The MAPE values for the network prediction and the statistical modeling have been outlined in table. For the network, the MAPE values for the optimized network have been presented. A study of the root mean square error (RMSE) for the Rprop network, OSS network and statistical modeling has also been performed. The RMSE values for the Rprop network with 16 hidden neurons and optimized at 700 epochs are 3.72 and 2.12 for deformational modulus and texture coefficient, respectively. For OSS network optimized at 150 epochs with 15 hidden layer neurons, the RMSE values for deformational modulus and texture coefficient are 4.21 and 1.89, respectively. A comparison with studies made before to predict deformational modulus gives that the neural network approach gives significantly lower values of RMSE. The OSS network, in particular, gives highly satisfying results in this regard. However, care must be taken of this fact that this approach uses fundamentally different inputs rather than those used in various previous works [515]. The RMSE values as has been found out by Kayabasi et al. [12] in their work for different formulae for deformational modulus are 15.07 for Bieniawski formula [5], 5.83 for Serafim and Pereira [7] formula, 6.31 for Hoek and Brown [9] formula, 4.96 for Kayabasi et al. [18] and 4.74 and 4.49 for Kayabasi et al. [12]. The RMSE values found in this case are significantly less than these findings. Moreover, most of the prediction formulae had their applicability limitation due to the variables in use in those cases. The Bieniawski formulae [5] was limited in use for only rocks having RMR > 50, whereas Serefim and Pereira formula [7] was for rocks with RMR ≤ 50. Again, for the Hoek and Brown formulae [9] to be applicable the UCS of the rock in investigation had to be ≤100 MPa. However, for the present approach, no such limitation holds and values of simply determinable variables for rocks have been used as inputs or independent variables.

10 Conclusions

Connectionist modeling or use of artificial neural network to predict the deformational modulus and texture coefficient have given results much more impressive than traditional statistical analysis can do. The efficiency check by performance functions like MAE and mean absolute percentage error and that with the t-statistic at a level of significance of 5% shows clearly that connectionist modeling can by far be a better way of predicting deformational modulus and texture coefficient from simple intrinsic properties of rock which are obtainable easily and also less time-taking tests. Among the intelligent algorithms existing, the use of resilient backpropagation and OSS can obviously give better results. The use of resilient backpropagation with a higher number of epochs gives the best results. Determining texture coefficient from petrographic studies also requires time. The prediction of the same from other seemingly uncorrelated variables is notable. As far as pattern matching is concerned, connectionist modeling scores over all other methods. The network has also been able to do a far better generalization than other models. The system does not take any of the predefined variables used generally to get deformational modulus.

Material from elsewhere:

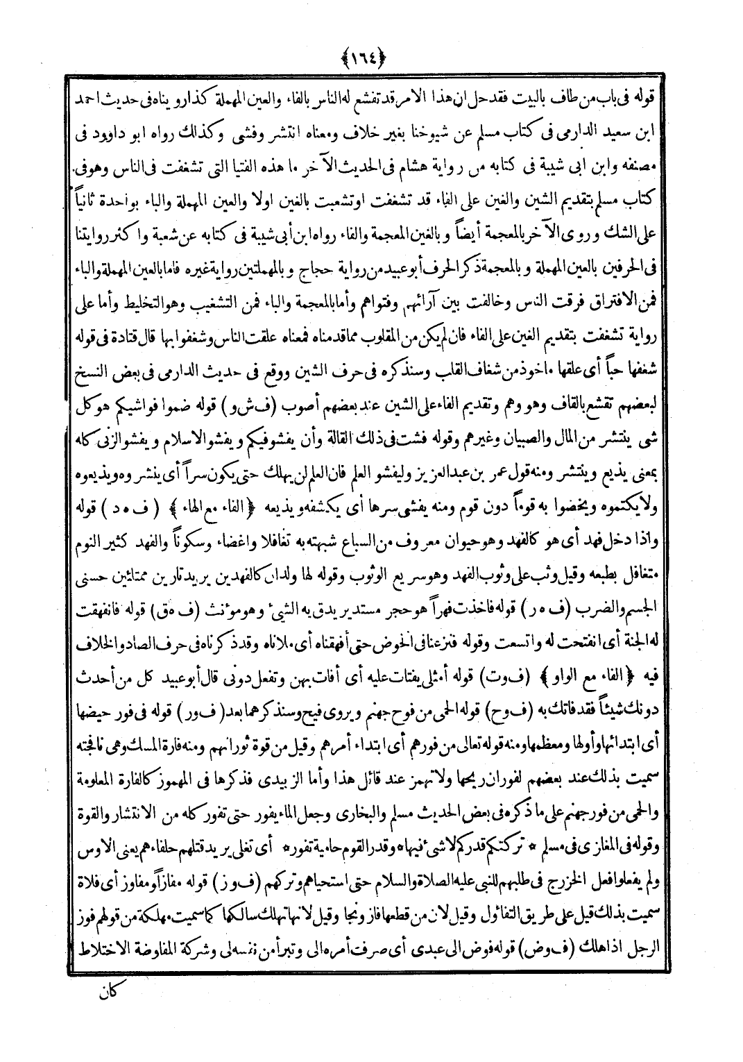 قَوْله فِي بَاب من طَاف بِالْبَيْتِ فقد حل أَن هَذَا الْأَمر قد تفشع لَهُ النَّاس بِالْفَاءِ وَالْعين الْمُهْملَة كَذَا روينَاهُ فِي حَدِيث أَحْمد ابْن سعيد الدَّارمِيّ فِي كتاب مُسلم عَن شُيُوخنَا بِغَيْر خلاف وَمَعْنَاهُ انْتَشَر وفشى وَكَذَلِكَ رَوَاهُ أَبُو دَاوُود فِي مُصَنفه وَابْن أبي شيبَة فِي كِتَابه من رِوَايَة هِشَام فِي الحَدِيث الآخر مَا هَذِه الْفتيا الَّتِي تشغفت فِي النَّاس وَهُوَ فِي كتاب مُسلم بِتَقْدِيم الشين والغين على الْفَاء قد تشغفت أَو تشعبت بالغين أَولا وَالْعين الْمُهْملَة وَالْبَاء بِوَاحِدَة ثَانِيًا على الشَّك وروى الآخر بِالْمُعْجَمَةِ أَيْضا وبالغين الْمُعْجَمَة وَالْفَاء رَوَاهُ ابْن أبي شيبَة فِي كِتَابه عَن شُعْبَة وَأكْثر روايتنا فِي الحرفين بِالْعينِ الْمُهْملَة وبالمعجمة ذكر الْحَرْف أَبُو عبيد من رِوَايَة حجاج وبالمهملتين رِوَايَة غَيره فَأَما بِالْعينِ الْمُهْملَة وَالْبَاء فَمن الِافْتِرَاق فرقت النَّاس وخالفت بَين آرائهم وفتواهم وَأما بِالْمُعْجَمَةِ وَالْبَاء فَمن التشغيب وَهُوَ التَّخْلِيط وَأما على رِوَايَة تشغفت بِتَقْدِيم الْغَيْن على الْفَاء فَإِن لم يكن من المقلوب مِمَّا قدمْنَاهُ فَمَعْنَاه علقت النَّاس وشغفوا بهَا قَالَ قَتَادَة فِي قَوْله شغفها حبا أَي علقها مَأْخُوذ من شغَاف الْقلب وسنذكره فِي حرف الشين وَوَقع فِي حَدِيث الدَّارمِيّ فِي بعض النّسخ لبَعْضهِم تقشع بِالْقَافِ وَهُوَ وهم وَتَقْدِيم الْفَاء على الشين عِنْد بَعضهم أصوب

The method can easily be used with effectiveness in all situations to get deformational modulus and texture coefficient from far simpler tests which has vital importance for any design and planning to have a better safety and stability. Expensive and tedious tests can easily be avoided by use of such modeling. Other algorithms can also be used to get results of the same order. Faster and better predicting values can be given by more generalized algorithms which would obviously help in reducing the number of inputs and decreasing the work needed.